3. Implementation Approach Options

What: Edit the six prompt string literals plus the two context-builder helper bodies directly in simulation_config_generator.py. No new files.

Trade-offs:

  • Matches the precedent set by commits 0806832 (issue #2) and 9d1d29b (issue #3) — same file, same approach. Reviewer pattern recognition is the lowest possible.
  • Smallest possible diff, smallest possible blast radius.
  • No new abstractions, no new files, no dependency churn.
  • Translations are baked in — switching to es/fr/pt/ru/de still relies on the get_language_instruction() postfix to bias the model. (This is also true under the current Chinese-base baseline; not a regression.)

Option B — Externalize prompts to /locales/

What: Move all six prompt strings to locales/en.json / locales/zh.json and use t('prompts.simConfig.timeConfig.user') etc. to look them up.

Trade-offs:

  • Genuinely locale-agnostic prompts; richer non-zh/en support.
  • Departs from the pattern set by #2 and #3 — those translations are in-line. Inconsistency between sister files.
  • Significant new surface area in /locales/ JSON; brittle keys for f-string substitution (need to encode {topic}, {n_agents}, {json.dumps(...)} in JSON values).
  • Requires either templating-engine choice (Jinja, Python str.format) or fragile string concatenation.
  • Out of scope per the ticket's "Out of scope: refactoring prompt structure or output JSON schema" guardrail (the structure is the prompt; moving it to JSON is a refactor).

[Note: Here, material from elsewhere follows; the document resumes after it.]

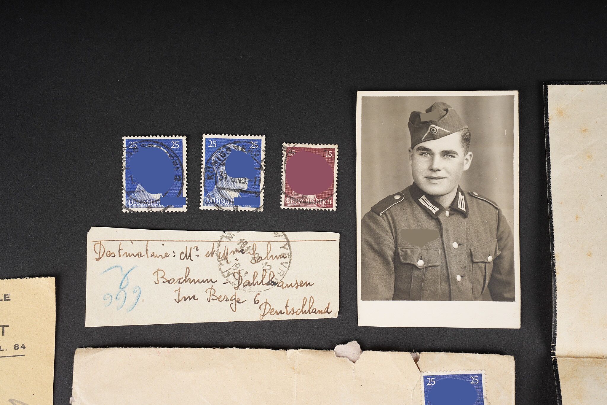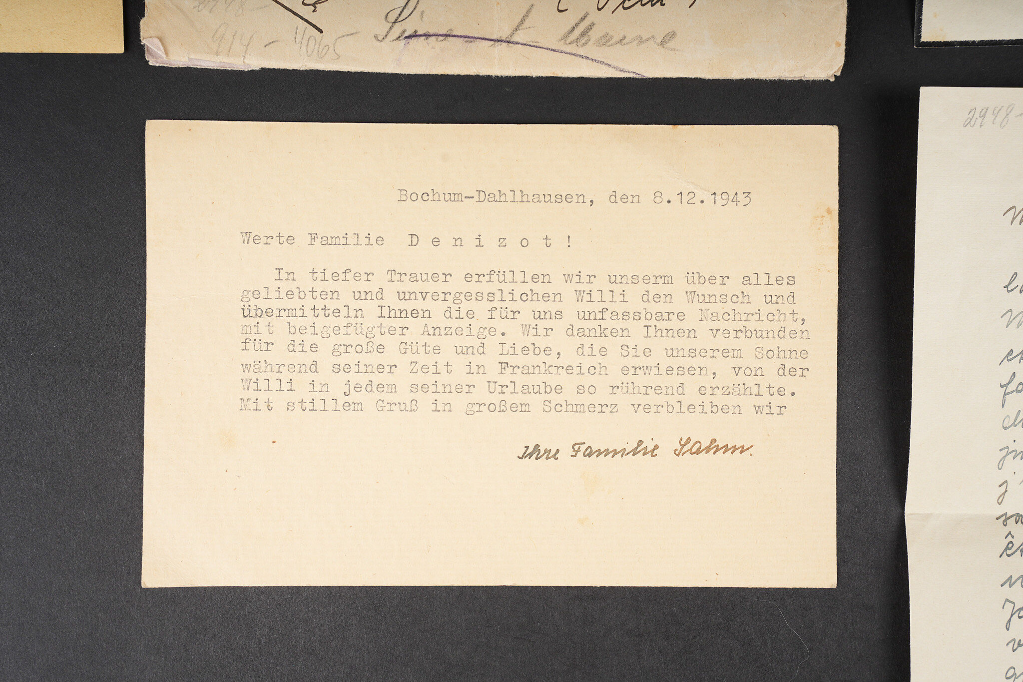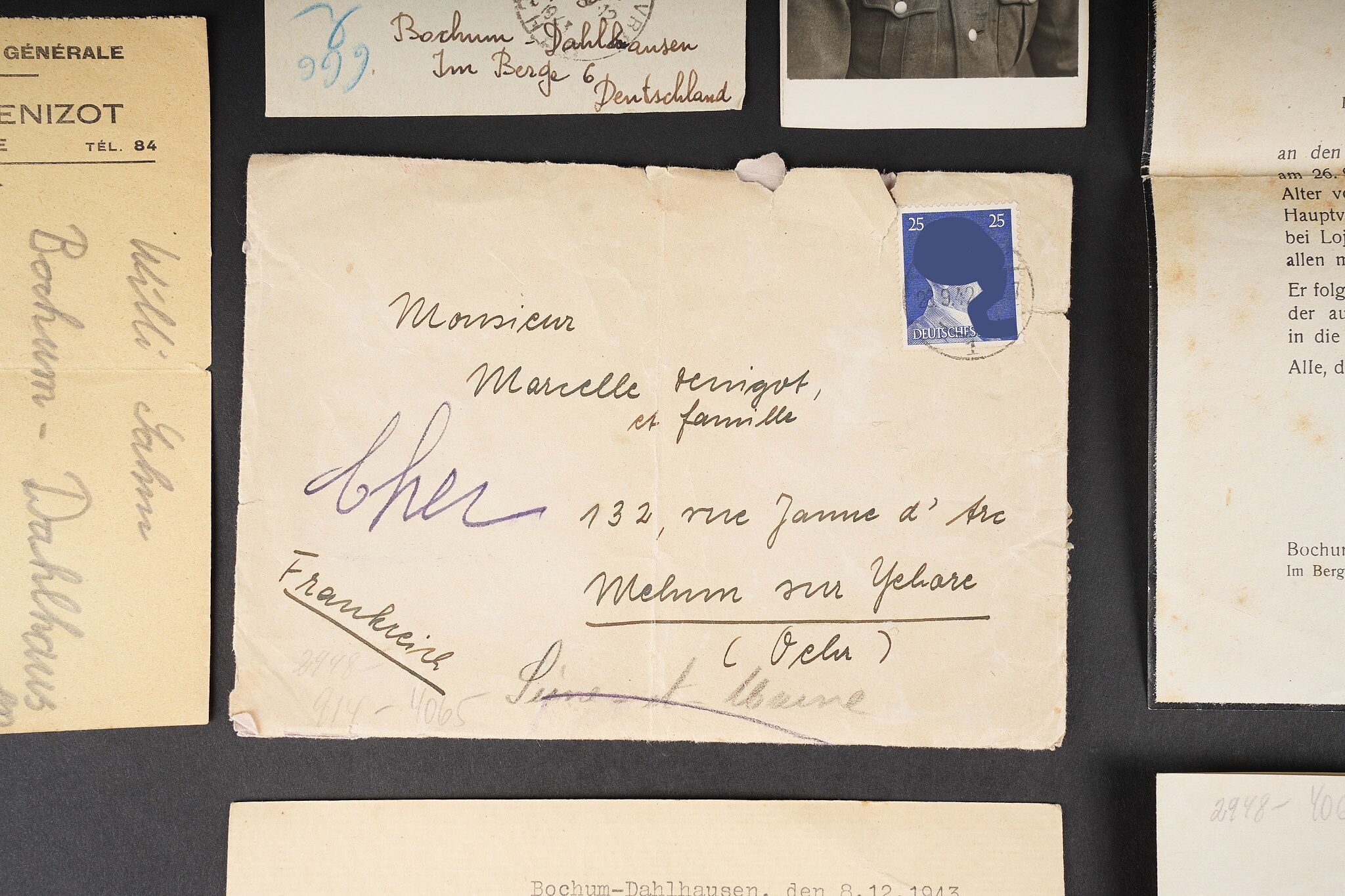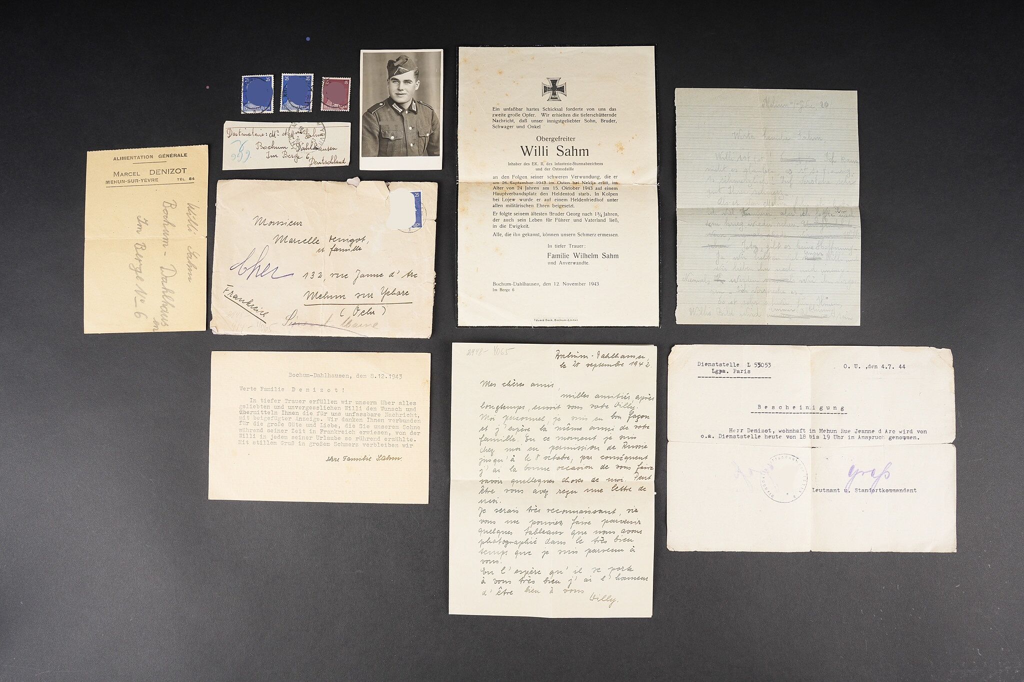 Correspondance entre un Soldat Allemand et une Française. Bel ensemble de document comprenant une lettre envoyée en septembre 1942 par le soldat Allemand Willi Sahm , rédigée en Français et adressée à Marcelle M. Domiciliée à Mehun sur Yèvre dans le Cher. Une seconde lettre rédigée en allemand depuis Mehun sur Yèvre par madame D. Une photo de Willi Sahm en uniforme de la Wehrmacht. L’avis de décès de l’obergefreiter Willi Sahm en octobre 1943 sur le Front de l’est. Une lettre tapuscrit envoyée par la famille Sahm en 1943 à la famille D. Un certificat de réquisition à propos d’un bureau de la Famille D. par la Wehrmacht. Une pub du magasin d’Alimentation Générale de la famille D. Portant le nom de Willi Sahm . L’ensemble des documents se trouve dans une enveloppe envoyée par le soldat Allemand Sahm à Marcelle M. Quelques pliures et déchirures. Correspondence between a German soldier and a French woman. Fine document group including a letter sent in September 1942 by the German soldier Willi Sahm written in French and addressed to Marcelle M. living in Mehun-sur-Yèvre in the Cher. A second letter in German from Mehun-sur-Yèvre by Mrs D. A photograph of Willi Sahm in Wehrmacht uniform. Death notice of Obergefreiter Willi Sahm in October 1943 on the Eastern Front. A typed letter sent in 1943 by the Sahm family to the D. family. A Wehrmacht requisition certificate concerning a desk belonging to the D. family. An advertising leaflet from the D. family grocery bearing the name of Willi Sahm. The whole kept in the envelope sent by Sahm to Marcelle M. Some folds and tears.

Option C — Hybrid: in-place EN translation + introduce a thin prompt-loader for future extraction

What: Translate in-place now; also add a no-op _load_prompt(...) helper that just returns the literal, with a comment hinting at future externalization.

Trade-offs:

  • Sets a future migration path.
  • Adds an indirection that has no caller variance today — premature abstraction. Steering-tech.md explicitly discourages this style.
  • Larger diff, more reviewer surface, no behavioural benefit over Option A.

4. Effort & Risk

  • Effort: S (13 days). Six string literals plus two helper bodies; no schema, no API, no dependency changes. Sister-spec implementations completed in single commits (0806832, 9d1d29b).
  • Risk: Low. Translation is text-only; the JSON output contract, public API, and get_language_instruction() mechanism are all preserved. The only behavioural risk is the LLM emitting different lexical choices for the same fields — this is the intended effect (English-flavoured output under Accept-Language: en).

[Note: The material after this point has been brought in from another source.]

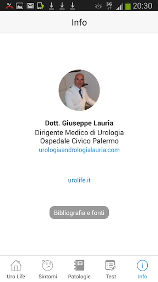 In the info, links to the websites of dr. Giuseppe Lauria for a direct contact with the specialist.

5. Recommendation for Design Phase

  • Preferred approach: Option A. Match the sister-spec pattern (0806832, 9d1d29b) for reviewer continuity.

  • Key decisions to lock in design:

    1. Wording style: Mirror the conversational/imperative style of oasis_profile_generator and ontology_generator post-translation prompts — e.g. "You are a social-media simulation expert. ..." rather than direct word-for-word ports of the Chinese.
    2. Default-path reasoning strings (R6): Translate the two literals to English ("Default circadian-pattern config (1h per round)" and "Used default config"). Keep them locale-agnostic since they only fire on LLM failure, where locale is moot. This avoids a forever-Chinese leak into a generation_reasoning joined with English content.
    3. Verification harness (R8): Use a lightweight fixture-only check (compile, regex for Chinese in prompt strings, render the prompts with stub data and assert interpolation completeness). No end-to-end OASIS run unless the reviewer requests it.
    4. Wording for the IMPORTANT: directives: Keep the constraint semantics identical; allow light wording polish so the directive flows naturally after a now-English system prompt (e.g. drop the IMPORTANT: redundancy if the translated system prompt already encodes the constraint, or move the directive to be inline with the rest of the system prompt).
  • Research items to carry: confirm verification scope (fixture vs. live) with implementation reviewer; if live is required, the sandboxed environment must have LLM_API_KEY, Neo4j, and a seed file available — none of which are guaranteed in this run.